Your objective: For the records below, print the lines from the line with "通過近兩年7月同期電影TOP" through the line with "y encima de" exactly as written; include both end lines and exclude the rest.

[Start of section]

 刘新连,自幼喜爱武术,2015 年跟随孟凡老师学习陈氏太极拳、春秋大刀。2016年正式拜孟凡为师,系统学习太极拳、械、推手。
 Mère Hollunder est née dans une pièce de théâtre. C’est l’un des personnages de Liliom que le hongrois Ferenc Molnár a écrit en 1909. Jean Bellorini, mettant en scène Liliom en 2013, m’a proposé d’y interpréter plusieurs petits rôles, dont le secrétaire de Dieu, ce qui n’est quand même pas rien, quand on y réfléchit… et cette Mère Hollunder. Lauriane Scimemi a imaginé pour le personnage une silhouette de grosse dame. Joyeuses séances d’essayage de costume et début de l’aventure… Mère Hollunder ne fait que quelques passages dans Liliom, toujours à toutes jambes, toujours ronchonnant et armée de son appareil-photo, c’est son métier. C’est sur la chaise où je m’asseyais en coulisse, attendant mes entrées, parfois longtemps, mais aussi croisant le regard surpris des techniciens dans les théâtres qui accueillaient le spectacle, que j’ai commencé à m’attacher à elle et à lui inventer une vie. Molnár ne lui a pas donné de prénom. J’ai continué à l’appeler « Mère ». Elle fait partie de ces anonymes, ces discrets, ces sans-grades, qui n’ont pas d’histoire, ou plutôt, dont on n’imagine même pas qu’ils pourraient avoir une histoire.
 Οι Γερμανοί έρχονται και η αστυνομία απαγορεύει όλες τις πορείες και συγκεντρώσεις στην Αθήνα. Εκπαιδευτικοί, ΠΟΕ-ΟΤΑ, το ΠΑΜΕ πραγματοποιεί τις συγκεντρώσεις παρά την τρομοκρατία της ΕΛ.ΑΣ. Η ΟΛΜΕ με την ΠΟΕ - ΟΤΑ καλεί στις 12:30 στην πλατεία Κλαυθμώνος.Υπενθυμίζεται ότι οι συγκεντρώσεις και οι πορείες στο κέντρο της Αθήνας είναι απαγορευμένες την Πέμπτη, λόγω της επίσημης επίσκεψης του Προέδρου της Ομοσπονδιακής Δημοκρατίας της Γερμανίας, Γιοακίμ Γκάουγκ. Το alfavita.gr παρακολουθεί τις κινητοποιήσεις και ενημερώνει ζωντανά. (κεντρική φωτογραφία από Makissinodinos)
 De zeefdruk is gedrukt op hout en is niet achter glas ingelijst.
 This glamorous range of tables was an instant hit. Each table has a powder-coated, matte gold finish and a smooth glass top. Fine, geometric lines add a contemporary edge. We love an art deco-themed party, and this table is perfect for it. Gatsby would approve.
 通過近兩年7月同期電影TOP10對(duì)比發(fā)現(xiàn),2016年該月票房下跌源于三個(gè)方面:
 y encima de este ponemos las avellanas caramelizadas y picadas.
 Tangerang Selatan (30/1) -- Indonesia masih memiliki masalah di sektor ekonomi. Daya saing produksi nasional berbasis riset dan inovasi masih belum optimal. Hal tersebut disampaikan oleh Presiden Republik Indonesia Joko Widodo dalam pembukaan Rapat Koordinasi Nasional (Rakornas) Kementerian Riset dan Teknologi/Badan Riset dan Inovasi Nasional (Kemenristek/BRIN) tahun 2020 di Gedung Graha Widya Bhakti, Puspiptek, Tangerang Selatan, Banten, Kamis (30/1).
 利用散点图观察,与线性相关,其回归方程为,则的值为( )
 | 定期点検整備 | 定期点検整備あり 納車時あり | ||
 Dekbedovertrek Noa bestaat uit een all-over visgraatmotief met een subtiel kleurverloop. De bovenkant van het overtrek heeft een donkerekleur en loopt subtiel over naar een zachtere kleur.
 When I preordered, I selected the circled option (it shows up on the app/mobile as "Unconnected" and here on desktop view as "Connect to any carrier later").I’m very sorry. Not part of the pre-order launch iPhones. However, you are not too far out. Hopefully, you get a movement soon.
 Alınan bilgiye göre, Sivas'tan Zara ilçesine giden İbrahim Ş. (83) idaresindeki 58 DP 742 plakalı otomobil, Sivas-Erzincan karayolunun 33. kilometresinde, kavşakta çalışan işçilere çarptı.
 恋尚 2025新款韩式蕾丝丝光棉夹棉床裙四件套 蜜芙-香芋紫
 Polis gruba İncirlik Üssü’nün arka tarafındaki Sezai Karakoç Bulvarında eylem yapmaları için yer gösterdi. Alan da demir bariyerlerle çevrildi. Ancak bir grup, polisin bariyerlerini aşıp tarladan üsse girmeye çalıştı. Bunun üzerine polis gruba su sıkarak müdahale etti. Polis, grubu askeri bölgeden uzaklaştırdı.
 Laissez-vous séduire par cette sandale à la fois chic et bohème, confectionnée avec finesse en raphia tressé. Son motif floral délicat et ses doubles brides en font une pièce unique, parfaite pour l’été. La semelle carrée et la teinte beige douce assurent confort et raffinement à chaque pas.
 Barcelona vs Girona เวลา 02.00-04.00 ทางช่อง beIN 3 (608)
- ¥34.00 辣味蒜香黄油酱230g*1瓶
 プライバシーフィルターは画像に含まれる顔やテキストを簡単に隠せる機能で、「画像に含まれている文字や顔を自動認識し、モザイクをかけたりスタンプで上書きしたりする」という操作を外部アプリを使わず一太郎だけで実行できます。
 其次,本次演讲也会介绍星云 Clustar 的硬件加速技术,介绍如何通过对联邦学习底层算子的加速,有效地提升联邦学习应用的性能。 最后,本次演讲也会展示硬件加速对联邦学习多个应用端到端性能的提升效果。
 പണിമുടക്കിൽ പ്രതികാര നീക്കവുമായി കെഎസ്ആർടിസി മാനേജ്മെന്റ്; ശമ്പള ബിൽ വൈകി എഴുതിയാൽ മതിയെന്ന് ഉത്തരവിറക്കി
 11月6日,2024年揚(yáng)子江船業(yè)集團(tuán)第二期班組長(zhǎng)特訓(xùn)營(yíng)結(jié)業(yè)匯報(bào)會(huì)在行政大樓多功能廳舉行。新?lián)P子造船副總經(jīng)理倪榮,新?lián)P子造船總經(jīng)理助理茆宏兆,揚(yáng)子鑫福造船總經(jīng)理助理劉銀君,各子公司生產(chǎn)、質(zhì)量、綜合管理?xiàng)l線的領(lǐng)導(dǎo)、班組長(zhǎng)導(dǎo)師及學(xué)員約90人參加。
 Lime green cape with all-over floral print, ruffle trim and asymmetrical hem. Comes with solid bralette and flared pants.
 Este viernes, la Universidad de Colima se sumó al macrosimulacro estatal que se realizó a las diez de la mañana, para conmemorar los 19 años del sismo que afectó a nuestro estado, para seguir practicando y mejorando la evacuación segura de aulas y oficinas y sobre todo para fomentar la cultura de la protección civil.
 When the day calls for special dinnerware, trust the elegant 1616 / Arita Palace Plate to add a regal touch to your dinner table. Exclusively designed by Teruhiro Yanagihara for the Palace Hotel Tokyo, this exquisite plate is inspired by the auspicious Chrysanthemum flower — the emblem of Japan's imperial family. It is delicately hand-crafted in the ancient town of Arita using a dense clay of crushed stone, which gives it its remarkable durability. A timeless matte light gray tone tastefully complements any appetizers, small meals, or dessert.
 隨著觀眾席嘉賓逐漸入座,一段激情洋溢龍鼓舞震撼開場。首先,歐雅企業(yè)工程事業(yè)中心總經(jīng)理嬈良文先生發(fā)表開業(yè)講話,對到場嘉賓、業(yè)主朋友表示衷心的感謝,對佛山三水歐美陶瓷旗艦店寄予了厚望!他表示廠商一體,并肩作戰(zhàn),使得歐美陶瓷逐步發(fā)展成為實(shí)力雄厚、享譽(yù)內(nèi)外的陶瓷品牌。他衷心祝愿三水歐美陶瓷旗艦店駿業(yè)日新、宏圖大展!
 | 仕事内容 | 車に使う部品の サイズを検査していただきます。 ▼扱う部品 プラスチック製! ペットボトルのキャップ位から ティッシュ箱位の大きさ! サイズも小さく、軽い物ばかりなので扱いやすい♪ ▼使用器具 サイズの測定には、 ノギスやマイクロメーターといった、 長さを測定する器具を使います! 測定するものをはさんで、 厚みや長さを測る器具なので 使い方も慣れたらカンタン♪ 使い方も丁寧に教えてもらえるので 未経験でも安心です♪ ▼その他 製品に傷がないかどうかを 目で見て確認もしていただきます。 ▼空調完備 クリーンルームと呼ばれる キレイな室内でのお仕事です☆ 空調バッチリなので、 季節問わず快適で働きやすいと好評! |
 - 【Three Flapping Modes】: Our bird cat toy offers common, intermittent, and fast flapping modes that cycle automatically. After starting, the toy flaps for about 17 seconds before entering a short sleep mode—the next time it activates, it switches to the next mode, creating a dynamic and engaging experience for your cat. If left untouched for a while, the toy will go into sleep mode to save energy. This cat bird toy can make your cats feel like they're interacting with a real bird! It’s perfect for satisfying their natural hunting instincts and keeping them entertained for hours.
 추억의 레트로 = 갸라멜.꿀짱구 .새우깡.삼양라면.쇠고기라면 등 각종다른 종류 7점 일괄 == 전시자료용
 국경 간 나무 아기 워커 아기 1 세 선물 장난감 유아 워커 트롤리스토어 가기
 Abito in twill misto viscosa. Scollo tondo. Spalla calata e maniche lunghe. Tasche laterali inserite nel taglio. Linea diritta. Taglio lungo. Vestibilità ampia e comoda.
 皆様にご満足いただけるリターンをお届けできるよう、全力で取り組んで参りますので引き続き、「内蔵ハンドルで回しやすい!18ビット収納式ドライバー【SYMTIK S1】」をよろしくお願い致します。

[End of section]

Answer to the exercise:
 通過近兩年7月同期電影TOP10對(duì)比發(fā)現(xiàn),2016年該月票房下跌源于三個(gè)方面:
 y encima de este ponemos las avellanas caramelizadas y picadas.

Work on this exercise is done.